We have learned new approaches to genomics research in rural communities affected by these NTDs that are sensitive to the ethical, legal and social issues (ELSI) associated with genomics research. A robust community engagement plan has enabled us to be in constant touch with the communities with whom we work and has improved our ability to communicate results to the lay research audiences in which this cutting-edge genomics research is being conducted.

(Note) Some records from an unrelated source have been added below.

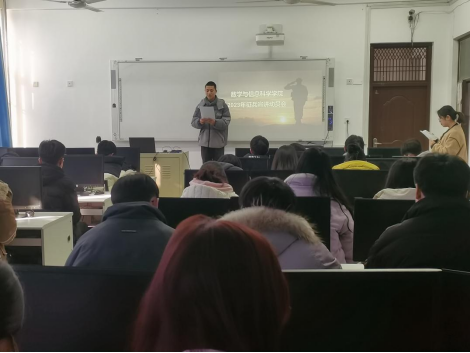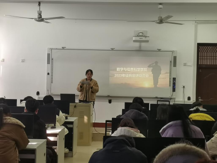 数学类221班王瑞强同学结合个人征兵经历向大家讲述了自己选择应征入伍的心路历程和感受,提到当兵可能后悔两年,但不当兵可能后悔一辈子,并号召大四毕业生与自己一起积极参军,实现理想。
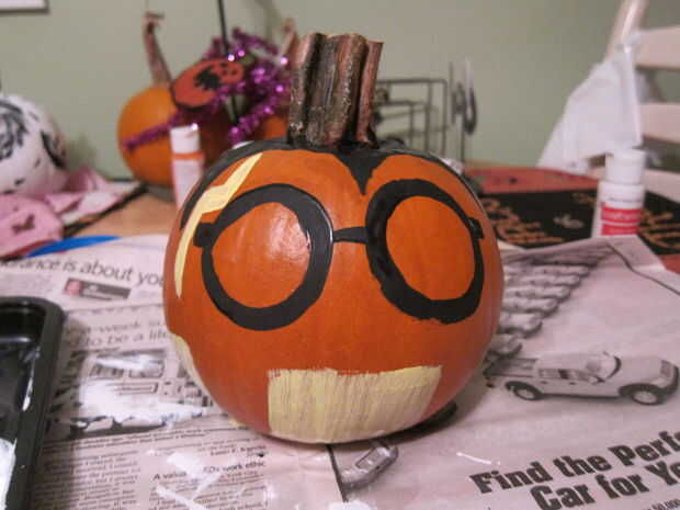 - Pintura en la cicatriz de Harry en un patrón de perno de relámpago, asegurándose de no tocar la pintura negra.
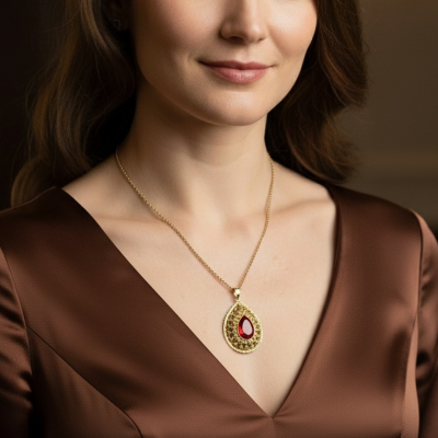 Teardrop Medallion with Red Stone in 19K Yellow Gold Filigree – Sustainable Jewel

If this study confirms genes and/or pathways associated with disease phenotype/outcome, it will open avenues for development of new control tools and strategies. For example, it has the potential to identify novel molecules to be used to design supportive therapy to complement conventional chemotherapy that to this point has only targeted the parasite, with no consideration to aiding the host to fight back. In addition, new tools to screen populations for genetic markers of disease susceptibility can be developed. This could assist national control programs to identify the most vulnerable populations in order to tailor control strategies so that limited resources are prioritized to communities where they are most needed. Moreover, while undertaking our studies, we are building a critical mass of African researchers with expertise in genetics/genomics who will be ongoing contributors to the development of research agendas in research-endemic countries, leading to new control tools and strategies.